Little did this silly man know, the Romans had already discovered these hot springs and constructed massive temples and places to bathe in the hot springs...and we got to visit!

Our teacher ATJ (yeah, he seriously is so great that his name has been reduced to 3 letters, he has books published about his archeological digs and he has his own classroom in our building) took us around Bath, which is a pretty quaint town with many chocolate shops, cafes, and unique-yet-expensive clothing shops, and is surrounded by the beautiful English countryside. We saw the circus, a string of townhouses made to look like a Roman building so people felt like they lived in a mansion, when really they lived in a small part of the building.

Then we did like the Romans and took a bath. Marie had a great idea to actually make use of the hot springs so a group of us went to a spa. At first, I felt like I was cheating for not exploring the town because it's pretty likely that I will not travel to Bath again. But then I realized that bathing in hot springs and being luxurious was exactly what Bath was about. I felt connected with the people who frequented Bath.

This was my first spa experience and quite possibly my last, I realize that I'm too childish for spas. All I want to do is splash around and play and race people in the pools, which for some reason is innapropriate to do in spas. After paying at the front desk, we changed into our bating suits and headed for the baths.

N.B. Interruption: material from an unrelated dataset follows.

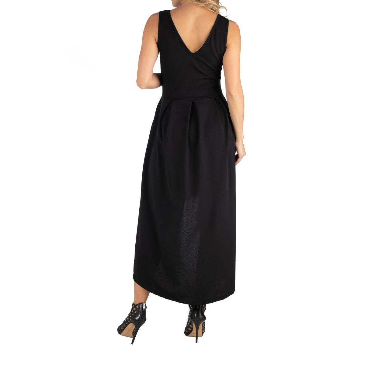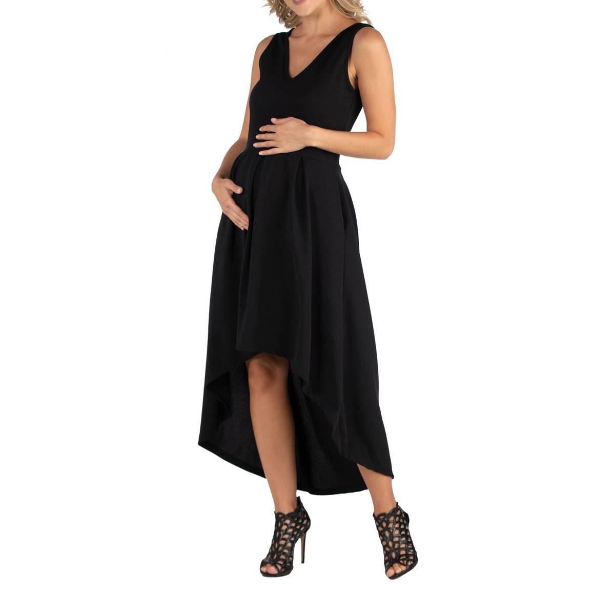 This party ready Womens 24/7 Comfort Apparel high low party maternity dress has everything you could wish for! A stylish fit featuring a bold high low hemline, v-neck, sleeveless design, and pockets for a finishing touch. With its modern twist on the classic party dress, this style is perfect for a wedding guest look or any special occasion. Made from a soft comfortable stretch material. Available in three year-round colors and machine washable for easy care.

We ran up to the roof of the five story building where our most impressive bath stood. However, when six college kids showed up, everyone seemed to groan because we were the youngest people there but at least 20 years; secretly I felt really classy and cultured that I could bathe along with these people. I mean we were able to sit in the warm pool and look out over all of Bath, it was pretty incredible. The pool periodically bubbled, like a jacuzzi, just not as intense. Marie took some contraband pictures before the lifeguard made her put the camera away.

Here are some of the wonders of seeing Bath from a bath, pictures that cannot be found anywhere else (unless other people have snuck cameras to the rooftop):

If you look really closely you can see Sean drowning me.

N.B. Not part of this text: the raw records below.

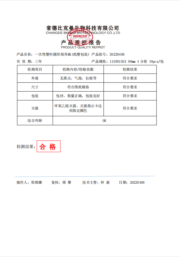 一次性圓形塑料培養(yǎng)皿 (紙塑包裝) 90mm4分格 10個(gè)袋 110301024 20220408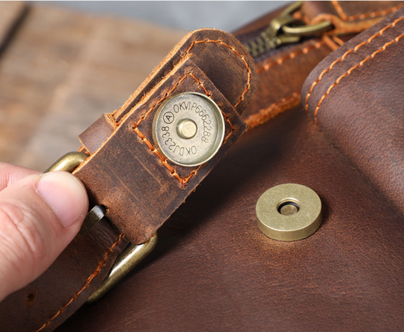 • Vintage brass hardware with an aged finish for a timeless, rugged look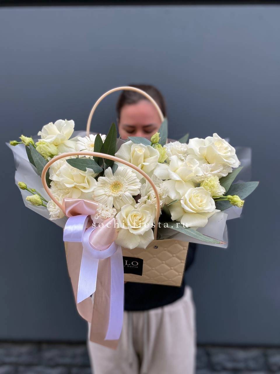 Хризантемы с пушистыми коробочками хлопка создают теплую домашнюю композицию в удобной сумочке. Цветы долго радуют взгляд и не требуют сложного ухода. Формат подходит для размещения в любом уголке дома.

Oh a know, here is our view from the pool and our new friends-they're clearly very happy to have met us.

Inside the building there were 4 circular steam rooms surrounding a huge waterfall shower where you cooled off after being smothered in steam, which is strangely relaxing even though you feel like you can't breath. Each steam room had a different scent: spearmint, eucalyptus, lavender, and chamomile and on the outskirts of the steaming area were individual foot baths. There was an indoor pool that made me feel like I was in a hotel pool and not a spa-we didn't stay in that area long.

After our luxurious bathing experience, we were hungry and decided to participate in another popular past time of the elite. We got a Bath bun from Sally Lunne's, which is the oldest house in's been around since 1482!

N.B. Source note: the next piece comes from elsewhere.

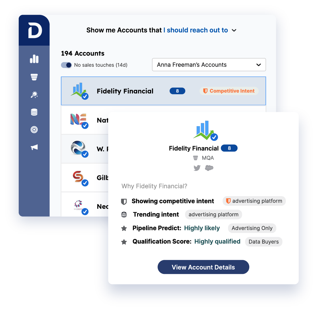 Sellers often do not know where to focus their outreach efforts on a daily or weekly basis. This dashboard prioritizes the accounts that matter to the individual salesperson. Using Pipeline Predict Scores, Qualification Scores, engagement, intent, and news events, the Prescriptive Sales Dashboard ensures that sellers always know the best accounts to target on any given day based on a combination of insights that indicate their readiness to buy.

These buns have been raved about by the likes of Charles Dickens and Jane Austen and we got to eat them. There are massive buns and you can get them with different toppings, Alexia and I split one with cinammon butter, which was soft and absolutely delightful. I can see why Dickens was down with Sally Lunn.

Then we headed to the actual Roman baths, which, like all Roman structures, are incredible. It's mindblowing how these buildings still stand. We took an audio tour of the expansive Roman baths and were able to get a taste of the activities that took place here, and Bill Bryson author of A Walk in the Woods was one of the narrators...yeah, I was confused too.

Bath was was an incredible mix of Roman and 18th century wealth. I was especially excited to be in Bath because I have studied Jane Austen this semester, who not only lived in Bath but writes about it frequently in her novels. It was amazing to see one of the places that she wrote about and to be able to understand the context of her novels so much more.